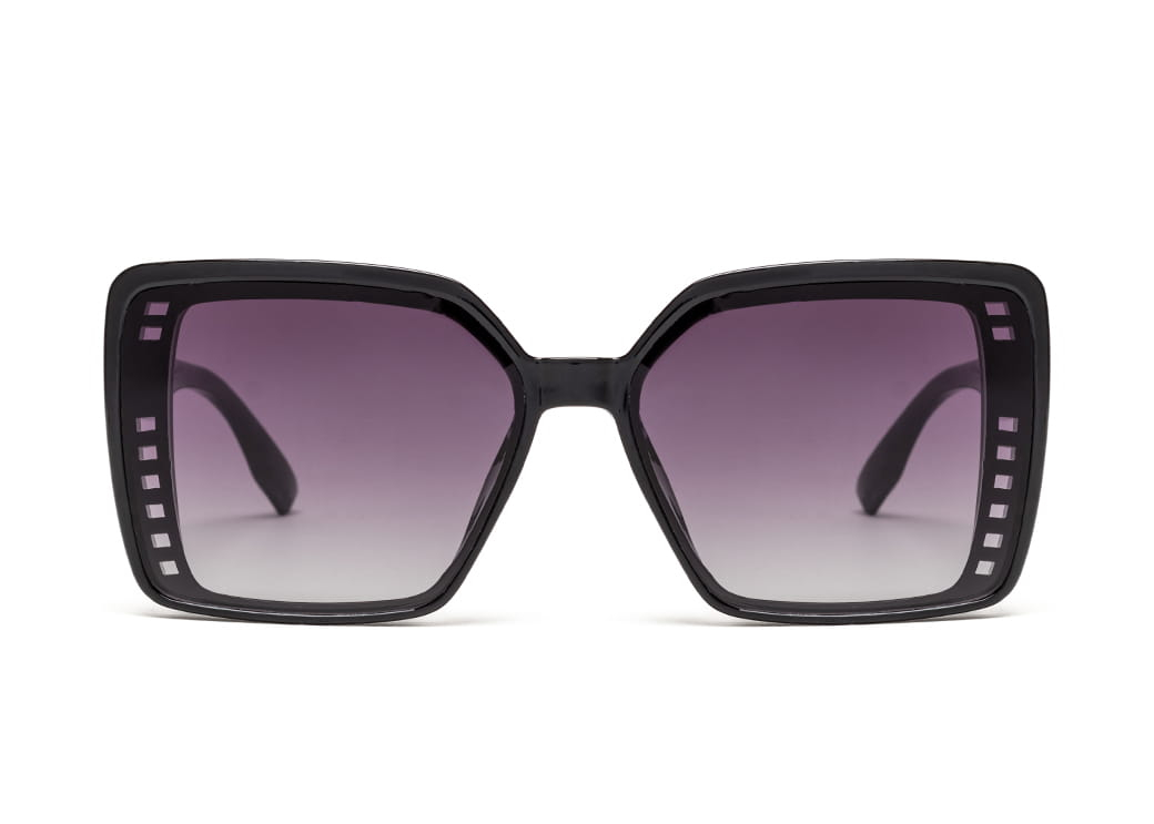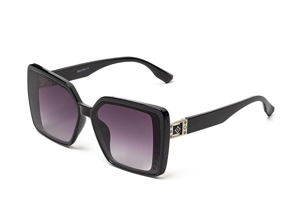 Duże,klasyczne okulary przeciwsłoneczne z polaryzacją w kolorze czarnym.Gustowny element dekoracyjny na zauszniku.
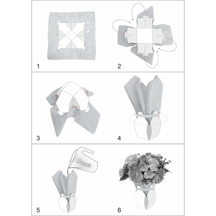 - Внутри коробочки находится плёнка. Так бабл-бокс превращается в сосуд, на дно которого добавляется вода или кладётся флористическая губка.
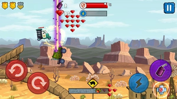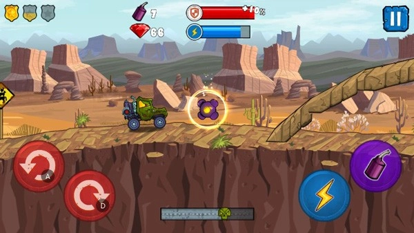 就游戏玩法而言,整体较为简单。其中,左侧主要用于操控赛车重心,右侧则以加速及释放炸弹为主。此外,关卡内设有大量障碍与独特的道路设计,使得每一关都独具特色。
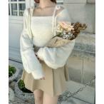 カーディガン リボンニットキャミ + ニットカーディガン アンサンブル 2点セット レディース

----

Beginning with the line that contains "就游戏玩法而言,整体较为简单", output each line of the material above through the last one exactly as it stands. Do not include the pictures.

TASK ANSWER
 就游戏玩法而言,整体较为简单。其中,左侧主要用于操控赛车重心,右侧则以加速及释放炸弹为主。此外,关卡内设有大量障碍与独特的道路设计,使得每一关都独具特色。
 カーディガン リボンニットキャミ + ニットカーディガン アンサンブル 2点セット レディース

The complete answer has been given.